Work flow of identification of somatic single-nucleotide variation (SNV) and insertion and deletion (INDEL) from raw sequencing data. Low quality reads were removed, and bwa was used to perform alignment followed by alignment calibration by GATK and marked duplicates by picard. MuTect and VarScan were employed to detect somatic SNV and INDEL, processed by further filtering to eliminate false positives, respectively. All mutations were annotated with ANNOVAR.

Detection of somatic mutations and indels

MuTect was used to detect somatic mutations in discovery and validation cohorts, which is a sensitive tool to detect somatic point mutations, addressing tumour impurity and heterogeneity.18 After manual inspection, mutations found to be located in regions enriched for ‘mismatches’ were discarded.
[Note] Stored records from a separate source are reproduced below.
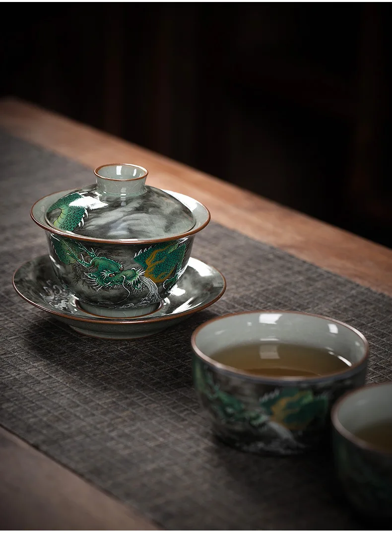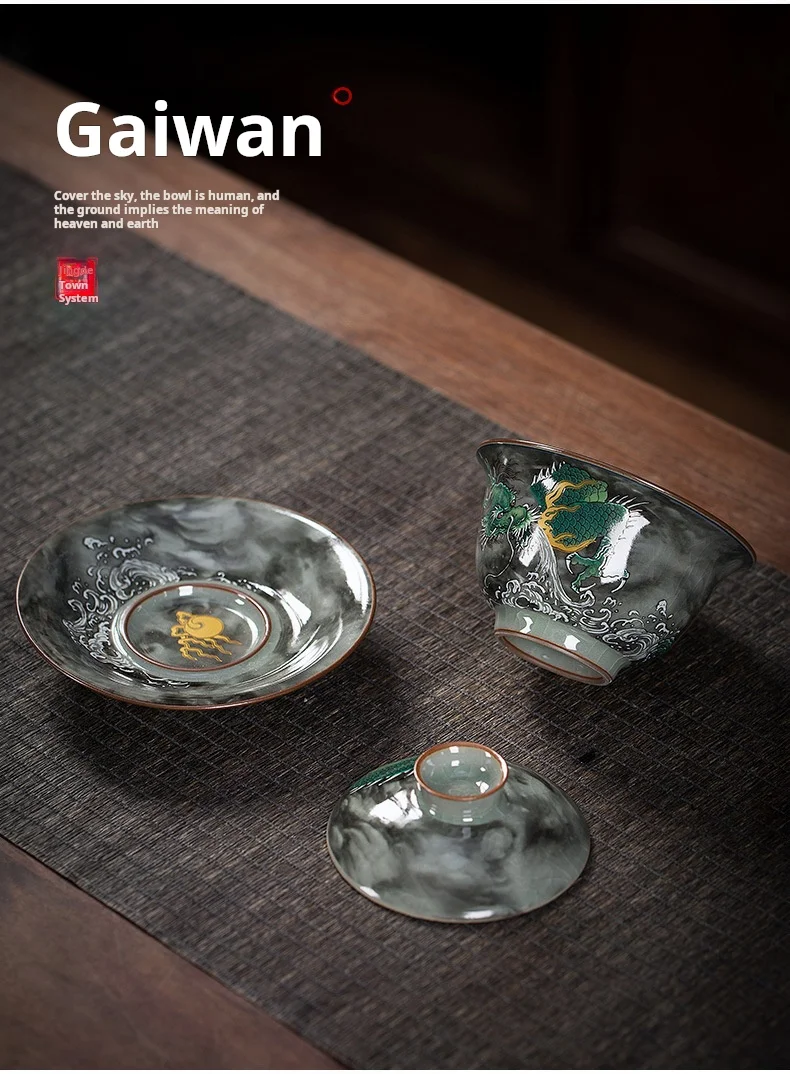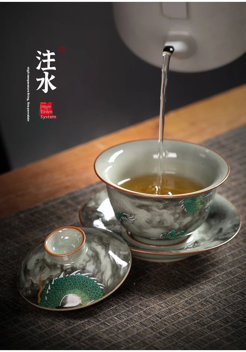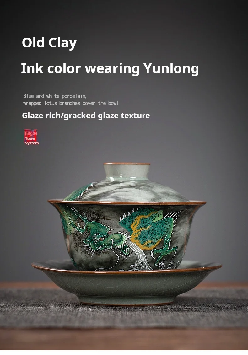 Old Clay Ink Color Wearing Yunlong Tureen Single Kombucha Tea Bowl With Cover Sancai Tea Cup Ceramic Gaiwan Tea-making Sets
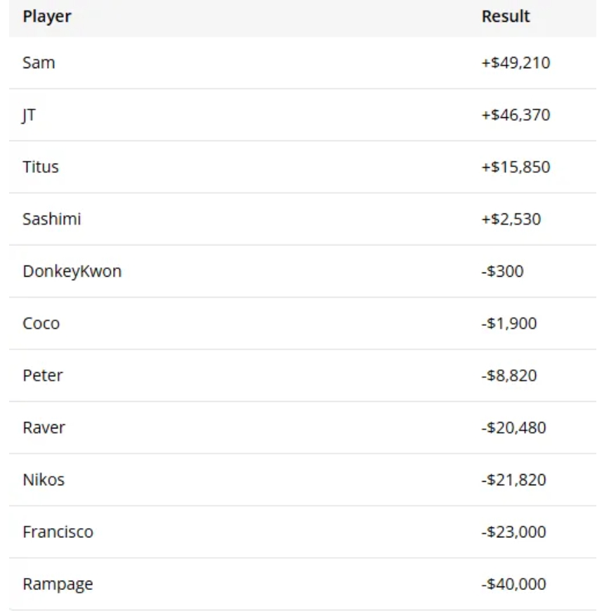 当晚,Rampage的比赛以亏损$40,000垫底告终,而JT凭借对Rampage的“河杀”吃下巨池,最终盈利$46,370,排名第二。
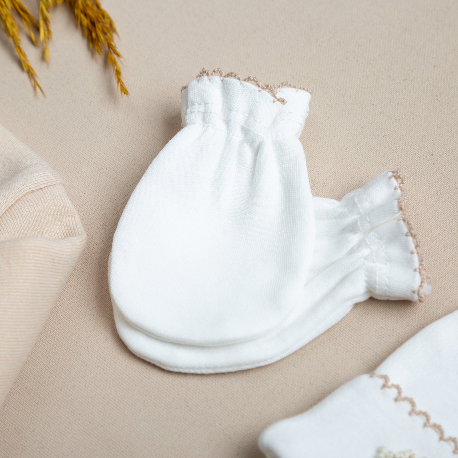 Elegant Bej Tığ İşi Süslemeli Hindiba El Nakışlı 5'li Organik Hastane Çıkışı

The minimum coverage was set at 10X, mutation allele fraction ≥10% and ≥5 reads that support this mutation. These somatic mutations were annotated with ANNOVAR.19 VarScan2 was used to detect somatic indels by comparing tumour BAM file against its matched normal BAM file with following parameters: min-coverage 10; min-coverage-normal 10; min-coverage-tumour 10; min-var-freq 0.1; min-freq-for-hom 0.75; somatic-p-value 0.05; min-avg-qual 0; Q 0.20 False-positive indels were removed through manual inspection. Significantly mutated genes (SMGs) were identified by MutSigCV.

Identification of significantly mutated pathways (SMPs)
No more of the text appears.